In addition to facial expressions, other behavioral indicators have been studied in order to assess affective states in animals. These parameters have also been used to estimate the valence of each affective state, from negative to positive (Ede et al., 2019; Hall et al., 2018; Lansade et al., 2018). Similarly to facial behavior, body posture and movement have been correlated to a range of emotions and pain-related behavior (Walsh et al., 2014; Sénèque et al., 2019; Dyson et al., 2018; Briefer et al., 2015; Schnaider et al., 2022). Further, several protocols have also been developed to assess behavioral indicators such as changes in consumption behaviors (time activity budgets for eating, drinking, or sleeping, etc.) (Oliveira et al., 2022; Auer et al., 2021; Maisonpierre et al., 2019), anticipatory behaviors (Podturkin et al., 2022), affiliative behavior (Clegg et al., 2017), agonistic behaviors, and displacement behaviors, amongst others (Foris et al., 2019).

Further, tests such as Open field, Novel object and Elevated plus maze (Lecorps et al., 2016), as well as Qualitative Behavior Assessment (QBA) have also been used (Kremer et al., 2020) for affective state assessment in animals. Less used is the Body and Posture coding system, which recently was adapted for use in dogs (Waller et al., 2013). The advantage of using an “exhaustive” coding scheme is that the coding can be done without any anticipation of what will be detected. In contrary, in a pain score scale, pain is always the issue.

When carefully coding facial actions of horses in pain and horses with emotional stress from isolation, it was found that pain is associated with some degree of emotional stress (Lundblad et al., 2021). Stress is a physiological (endocrine) reaction to threats, but similarly to pain, it has an emotional component, which is what we refer to here. Additionally, stress without pain may have some similarities to pain during the acute stages (Lundblad et al., 2021). External inputs that may induce stress can therefore influence prototypical facial expressions. The mixing problem holds for other affective states as well, adding to the challenge of recognizing specific internal states. Because of these challenges, assessing emotions such as the ones resultant from stressful situations may not be as direct as pain recognition, for which there are several validated indicators (Lundblad et al., 2021; Mayo & Heilig, 2019). This might also be the reason for the lack of automated methods regarding this matter.
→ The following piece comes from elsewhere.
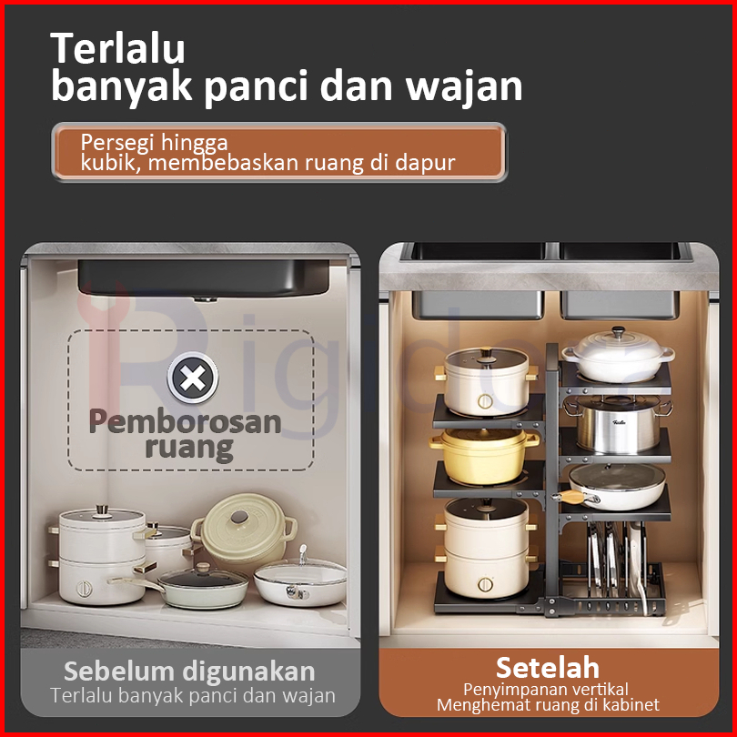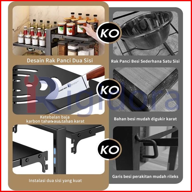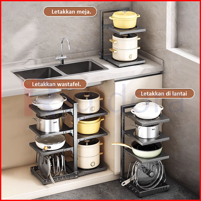 Rigidora Sus304 Rak Dapur Susun Rak Piring Rak Pot Rak Bawah Wastafel

4 Overview of Computer Vision-Based Approaches for Classification of Pain and Emotions

To systematize the existing body of research, in this section, we review and analyze twenty state-of-the-art works addressing assessment, classification and analysis of animal emotions and pain. The works are presented in Table 1, and are classified according to the following characteristics:

  • Species: We restrict the scope of our review to mammals. The list of included species can be seen in Table 1.
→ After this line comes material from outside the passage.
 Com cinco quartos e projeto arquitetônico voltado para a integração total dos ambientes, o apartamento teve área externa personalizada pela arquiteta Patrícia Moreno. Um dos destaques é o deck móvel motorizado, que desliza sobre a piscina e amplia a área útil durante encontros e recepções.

  • State and state classifier: Our main aim is to cover works focusing on recognition of internal states in animals, falling under the categorization of emotion and pain. Thus, the main type of works we are interested in are those providing a classification method (pain score, or classifying specific emotional states). In the ’s column ‘State classifier’, this is signified by ‘+’. There are five works in the table marked with ‘−’, which do not provide such a classifier, but nevertheless develop computer vision-based methods explicitly designed to investigate behavior patterns related to pain states or emotions.

  • Stimulus: This category designates the type of stimulus that the animals have been subject to during data collection to induce a particular emotional or pain state.

  • Focus area: We restrict our attention here to facial and bodily behavior indicators, or a combination of the two.

  • State annotations: This column is divided into two options: behavior-based or stimulus-based state annotations, respectively. The behavior-based annotations are purely based on the observed behaviors, without regard to when the stimulus (if there was one) occurred. For stimulus-based annotations, the ground-truth is based on whether the data was recorded during an ongoing stimulus or not.

In this section, the overview of the works in Table 1 is organized according to the different stages of a typical workflow in studies within this domain: data collection and annotation, followed by data analysis (typically, model training and inference) and last, performance evaluation. For each of these stages, we classify the methods and techniques applied in these works, highlight commonalities and discuss their characteristics, limitations and challenges.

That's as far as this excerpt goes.